Records drawn from a dataset:

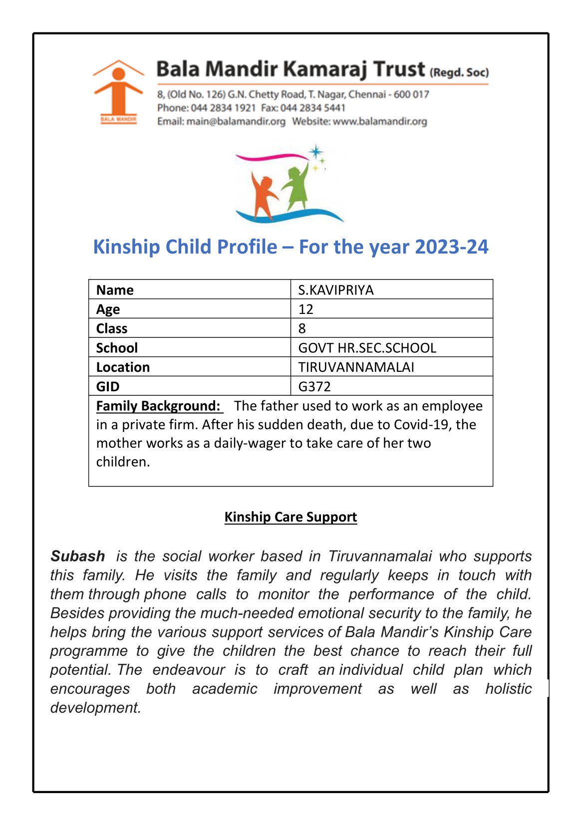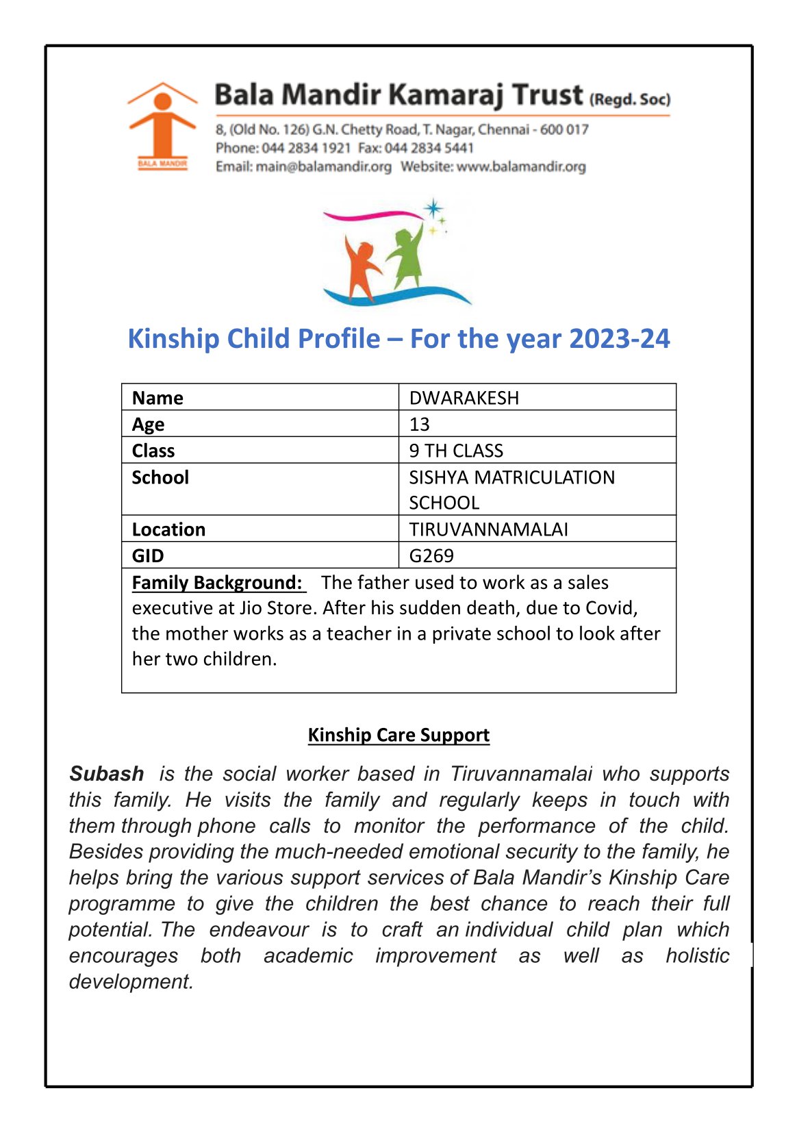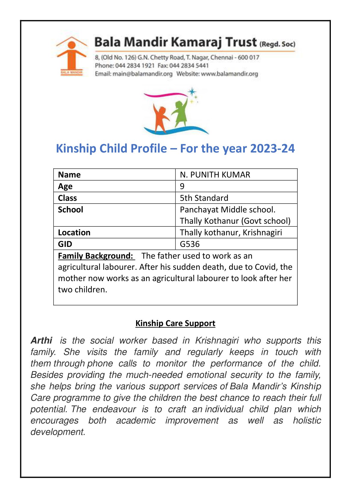 ABOUT THE BALA MANDIR KAMARAJ TRUST (BMKT):
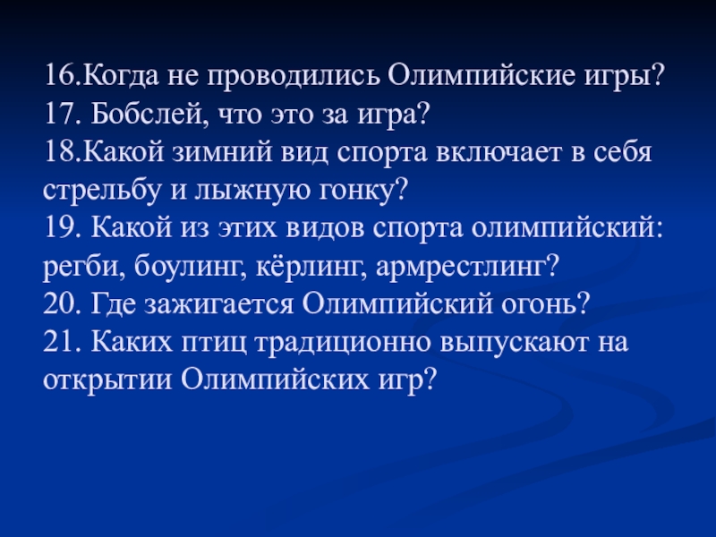 Слайд 2116.Когда не проводились Олимпийские игры?
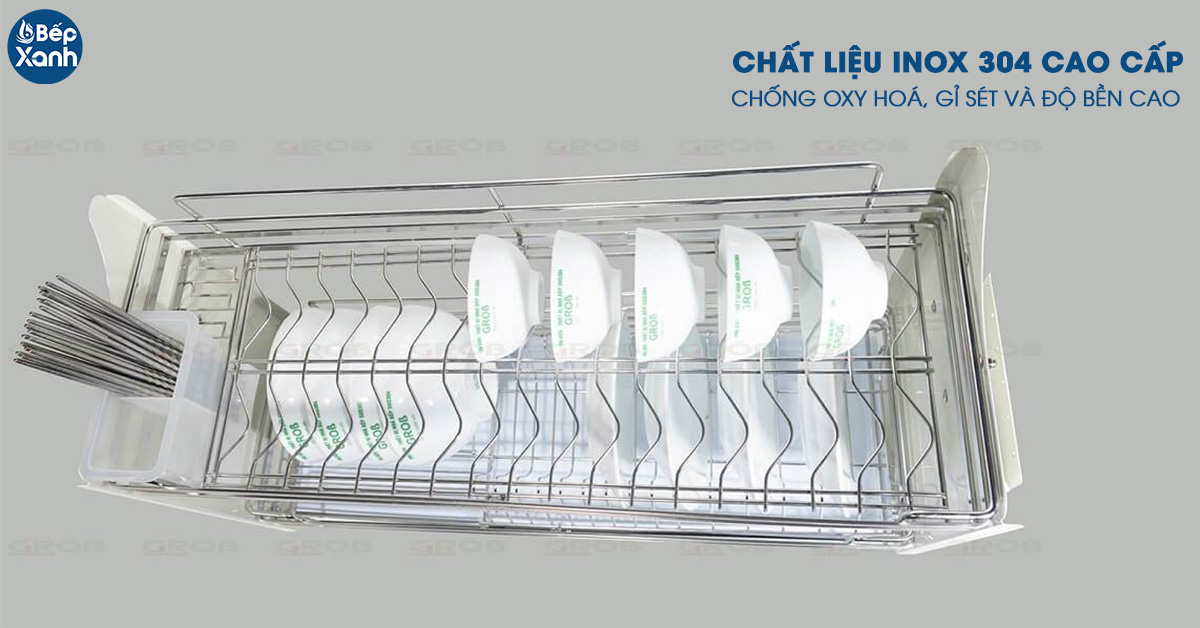 KỆ CHÉN ĐĨA NÂNG HẠ INOX SUS304 TỦ 900 GROB GV304-190
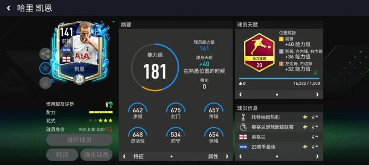 赛季最佳版本的这张凯恩基础能力值给到了141,各项进攻数据都在650左右,搭配强力锋霸天赋之后,射门能力得到了进一步提升,至今仍有一战之力!
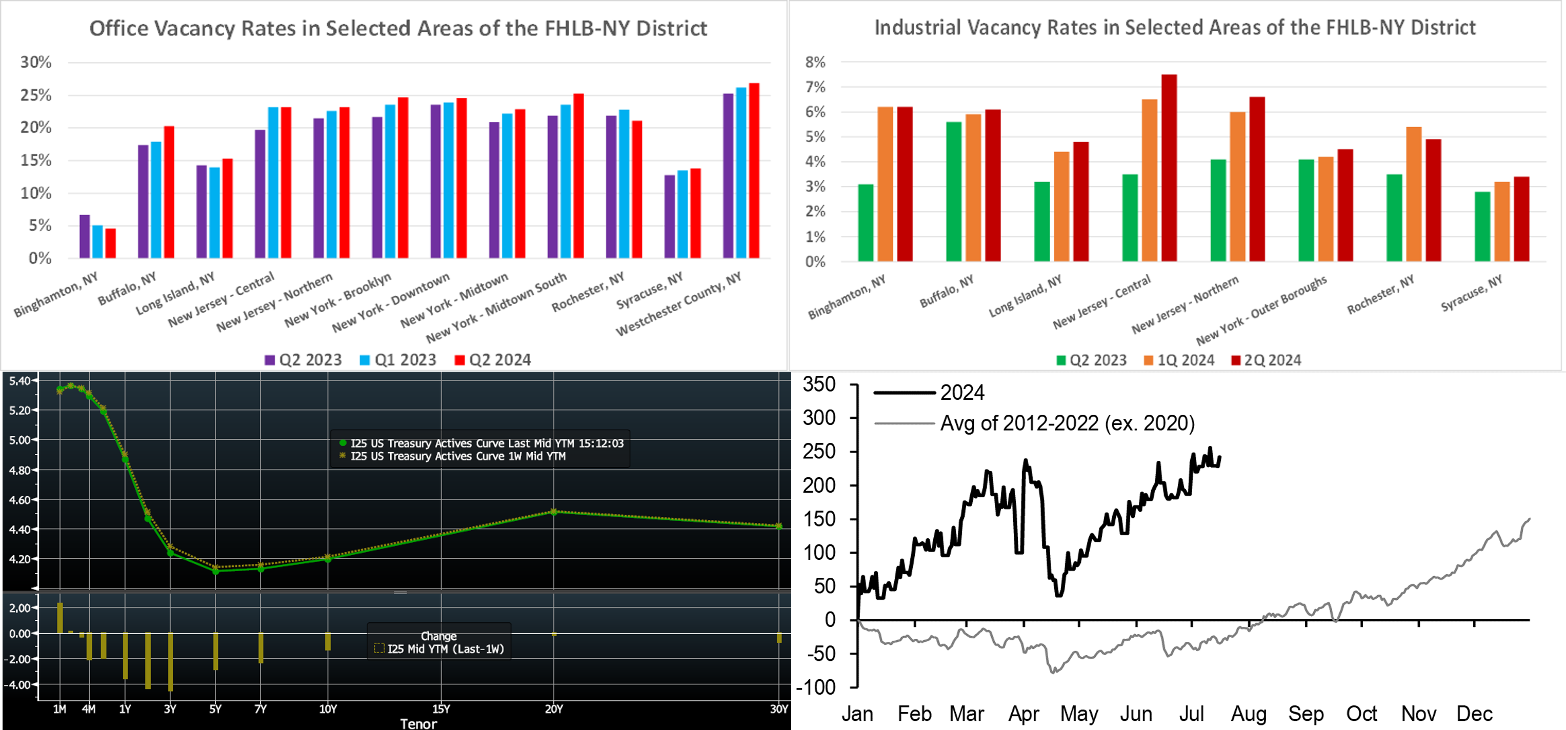 Source: Bloomberg. Top pane is yield (LHS, %), bottom pane is change (LHS, bps). As of Thursday afternoon, the UST term curve was slightly lower than a week ago, with the 3-year down ~4.5 bps to lead the modest move. The tone of Fedspeak during the week was generally supportive of the soft-landing scenario. For instance, Fed Vice-Chair Williams noted that inflation data and signs of labor market cooling indicate that inflation could be moving sustainably to the 2% goal. In terms of market-implied pricing of the Fed, there is now ~98% cumulative chance of a 25 bps rate cut priced for the September 19th FOMC; the November meeting is at 160%, up a tad from 156% a week ago. The year-end 2024 forward is now ~4.70%, or about 2 bps lower than last week, thereby implying a cumulative total of ~63 bps of cuts by the end of this year. With the Fed in blackout mode before its end-of-month meeting, the market will monitor data for direction.
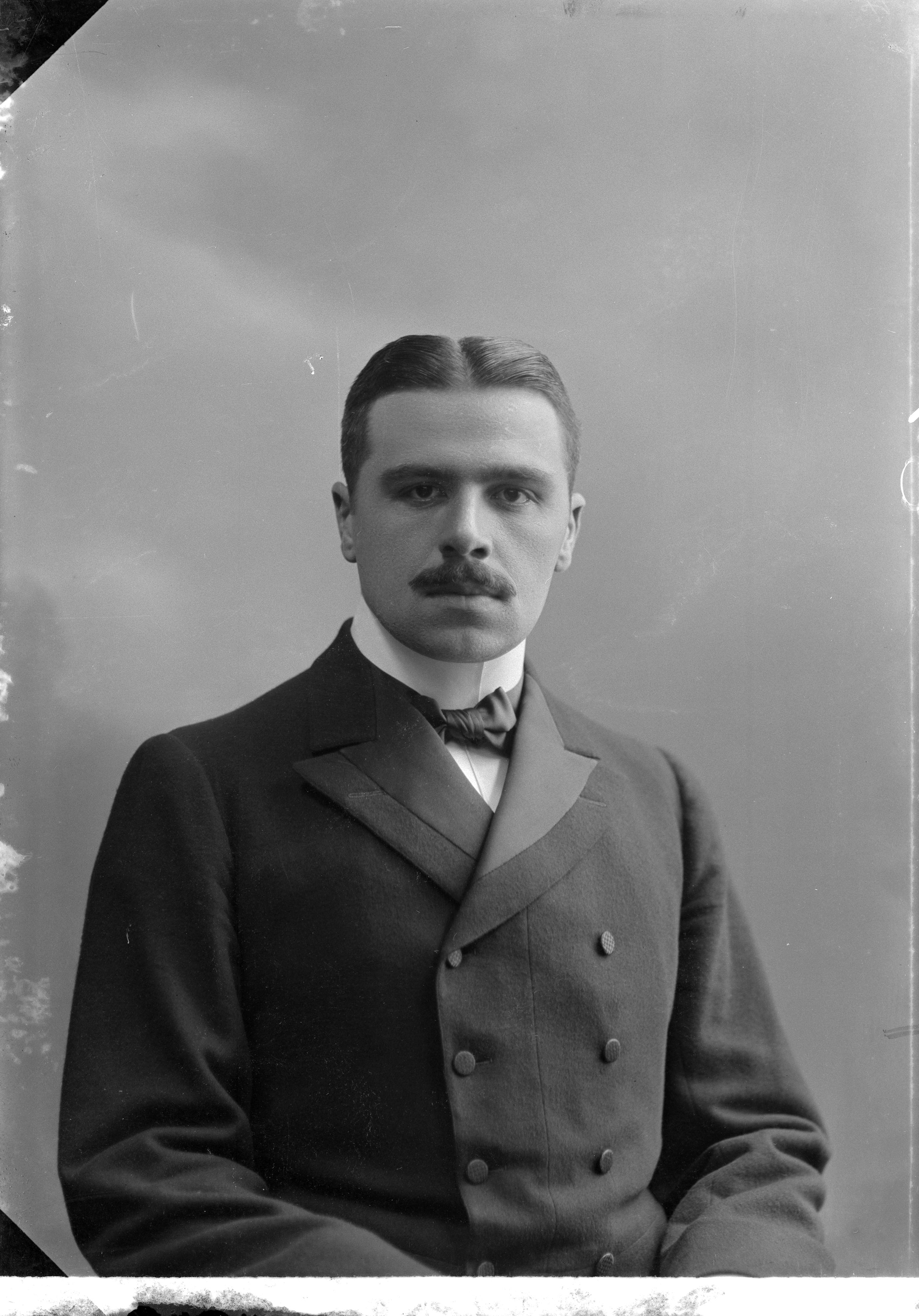 Beskrivning: Porträtt i halvfigur av hovrättsnotarie Sigurd Magnus Nyrén.
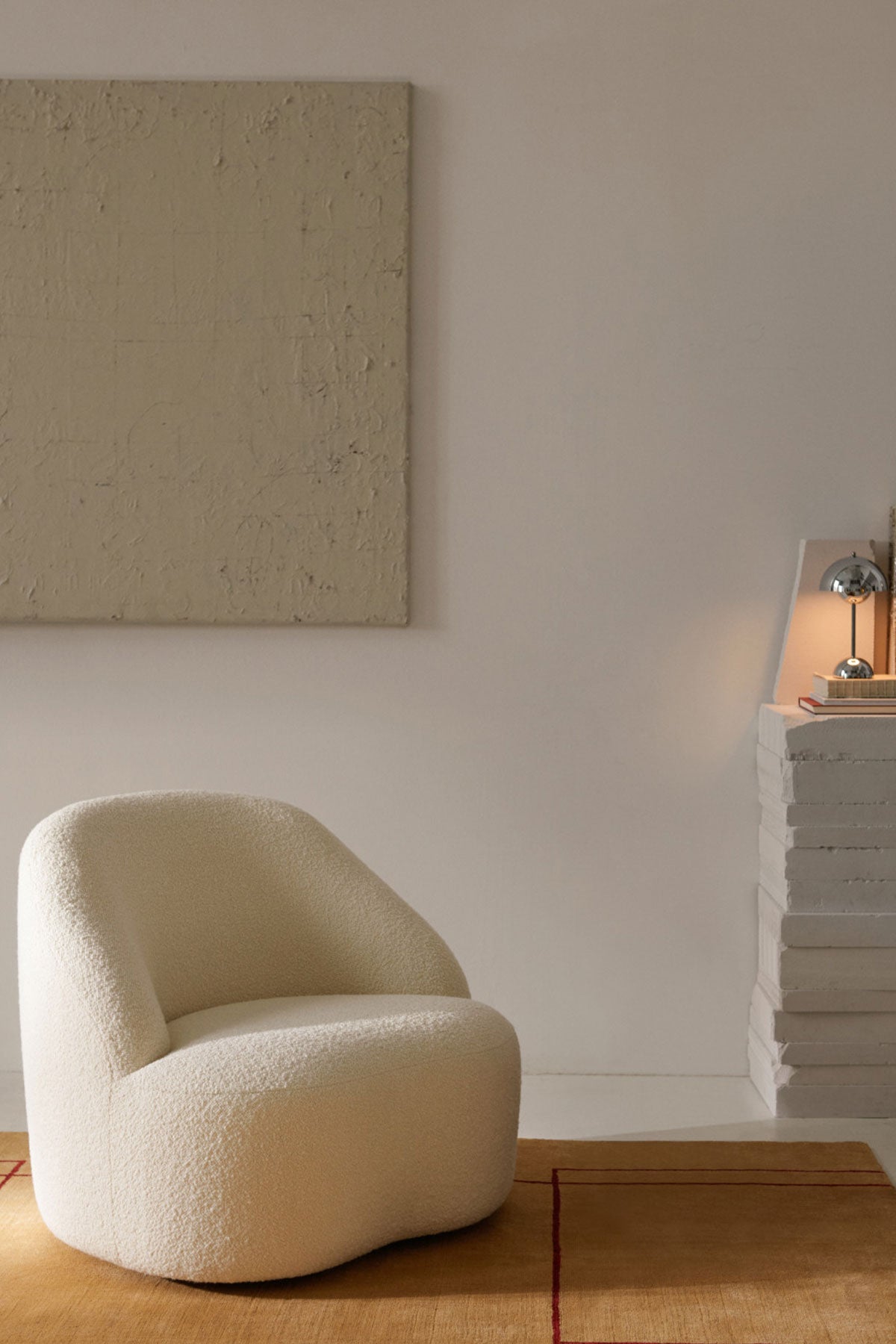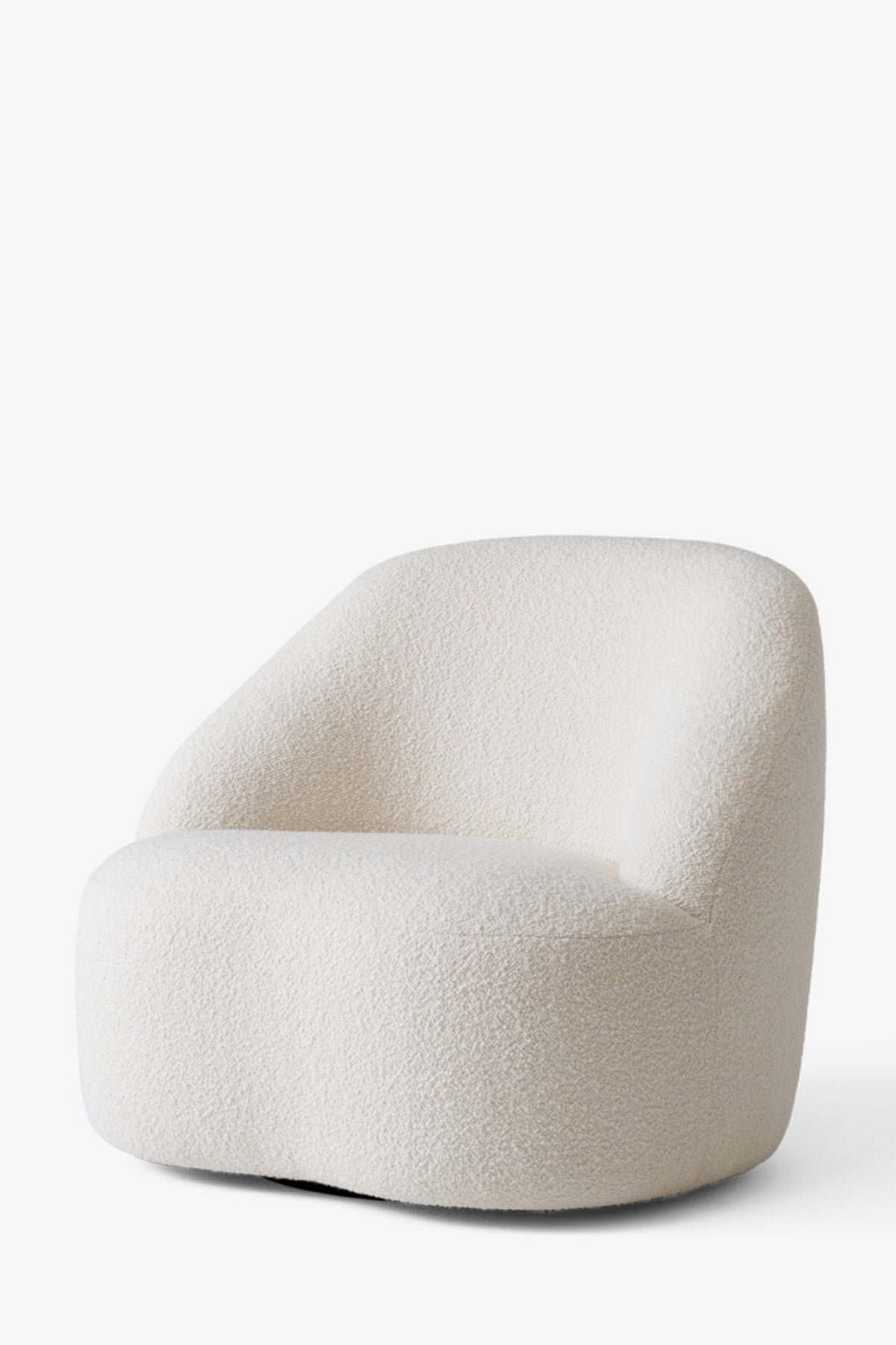 Hils på Margas LC2, en svingbar loungestol designet av Louise Liljencrantz for &Tradition. Stolen er oppkalt etter Louises elskede bestemor, Marga von Dardel, som Liljencrantz krediterer som det største forbildet i livet hennes. Den elegante loungestolen tilfører både varme og brukervennlighet, samtidig som stolen framstår som moderne med lette retrovibber. Stolens ramme er laget av massiv bøk og kryssfiner og deretter dekket med HR-skum og polyestervatt som gjør den både fast og superkomfortabel å sitte i. Bouclé-stoffet stolen er trukket i, Karakorum 001, består av en blanding av ull og viskose hvor materialene er flettet sammen i en ujevn tekstur av løkker og krøller, inspirert av vakre astrakhan-pelsverk. Stoffet er deilig mykt og klumpete - et ideelt møbeltrekk beregnet på intensiv bruk samtidig som det er en drøm å sitte på. Det klassiske designet gjør at stolen kan passe inn i mange ulike interiørstiler. Margas vil trives godt i stua, på soverommet eller i en lesekrok. Stolen kan snurres rundt og har også returfunksjon som gjør den ekstra praktisk og brukervennlig. Husk at stolen også kan bestilles i et hav av andre stoffer, så kom gjerne innom Bolina for å slå av en prat, kikke på stoffprøver og ikke minst prøvesitte!

Exercise goal:
Once the line with "Слайд 2116.Когда не" is found in the data above, reproduce it and each line after it exactly, through the line with "Beskrivning: Porträtt i". Omit the pictures.

Exercise response:
 Слайд 2116.Когда не проводились Олимпийские игры?
 KỆ CHÉN ĐĨA NÂNG HẠ INOX SUS304 TỦ 900 GROB GV304-190
 赛季最佳版本的这张凯恩基础能力值给到了141,各项进攻数据都在650左右,搭配强力锋霸天赋之后,射门能力得到了进一步提升,至今仍有一战之力!
 Source: Bloomberg. Top pane is yield (LHS, %), bottom pane is change (LHS, bps). As of Thursday afternoon, the UST term curve was slightly lower than a week ago, with the 3-year down ~4.5 bps to lead the modest move. The tone of Fedspeak during the week was generally supportive of the soft-landing scenario. For instance, Fed Vice-Chair Williams noted that inflation data and signs of labor market cooling indicate that inflation could be moving sustainably to the 2% goal. In terms of market-implied pricing of the Fed, there is now ~98% cumulative chance of a 25 bps rate cut priced for the September 19th FOMC; the November meeting is at 160%, up a tad from 156% a week ago. The year-end 2024 forward is now ~4.70%, or about 2 bps lower than last week, thereby implying a cumulative total of ~63 bps of cuts by the end of this year. With the Fed in blackout mode before its end-of-month meeting, the market will monitor data for direction.
 Beskrivning: Porträtt i halvfigur av hovrättsnotarie Sigurd Magnus Nyrén.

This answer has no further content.